Even worse, easy access breeds a false sense of expertise. With a few Canva posts under their belt, people start thinking they are designers. As if design is just picking a nice font and a couple of colours that go well together. But real design is strategic. It’s knowing what to say, when to say it and how to make someone feel it. Templates do not ask those questions. They just hand you the gaps and tell you to fill them.


Convenience Is Everywhere but At What Cost


Three animated characters in a street setting. They are designed in the Studio Ghibli style. One smiling, another looking surprised, and the third angry. Warm colors and urban backdrop.

When ChatGPT dropped its latest update, the internet exploded. Not because it was buggy or broken, but because it came with a shiny new toolbox that made the tech bros foam at the mouth. You could now generate and edit images, analyse data, search the web in real time, and speak to it like a voice assistant. This wasn't exactly ideal timing while I was out of office in Saigon.


Cue the usual panic. This is the end of designers. The end of artists. The end of creatives. The panic only makes sense if you see creativity as surface-level decoration. And this is where Canva comes back into the picture. Because the anxiety around AI is really an extension of the same thing Canva normalised. Speed over substance. Convenience dressed up as creativity.


This isn’t new. People said the same thing when Photoshop was released. When digital cameras hit the shelves. When the internet let anyone start a blog. Every wave of tech that makes it easier to create gets mistaken as a threat. But easier does not mean better. It just means faster. And faster without thinking is how we end up with brands that feel hollow.


I’m not against convenience. These tools helps move things along. But I’m against convenience being the thing that shapes your brand. You’ve stopped being strategic and started being efficient. This might work for some businesses, but not all. AI and platforms like Canva can accelerate the process. But differentiation is a human job. That still comes down to clarity, intention and actual creative thought. No one’s automating that just yet.


Convenience as a Tool, Not a Strategy



I’m not advocating for some bizarre, masochistic ritual of making things harder just for the sake of it. Convenience has its place. It helps keep operations smooth. But when businesses let convenience shape their entire strategy or visual identity, they’re surrendering control.


Creative blocks are uncomfortable. No one enjoys staring at a blank screen or feeling stuck on the same idea for hours. But those moments matter. That frustration is a breeding ground for original thought. Being forced to pause, to sit with uncertainty, is exactly where genuine creativity thrives.

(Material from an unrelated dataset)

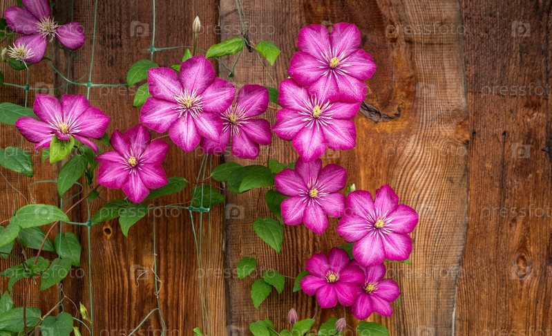 Ярко-розовые цветы клематиса сорта Ville de Lyon на фоне деревянной стены

When I hit a wall, I don’t jump straight onto Canva hoping to find a nice template that’ll make my problem vanish. I dive into books like New Utilitarian by Victionary, or rummage through knick-knacks I’ve gathered from my travels. I force myself to sit with the discomfort until inspiration hits. Sometimes it takes minutes. Sometimes it takes days. But it’s my discomfort. My autonomy.


The obsession with done for you solutions means fewer people develop the skill of pulling themselves out of creative ruts. When you’re always outsourcing your discomfort, you never learn how to get inspired. You lose your ability to think.


Convenience as an operational tool is smart. But convenience as a brand strategy is a disaster. It flattens your brand into something generic. It strips you of meaningful differentiation and leaves you indistinguishable from everyone else who’s “just looking for something quick”.


So here's the challenge. Evaluate where convenience sits in your business right now. Ask yourself if it's merely a tool you use or if it's quietly replaced your strategic thinking. Because convenience can get you somewhere fast, but genuine insight is what will make you memorable.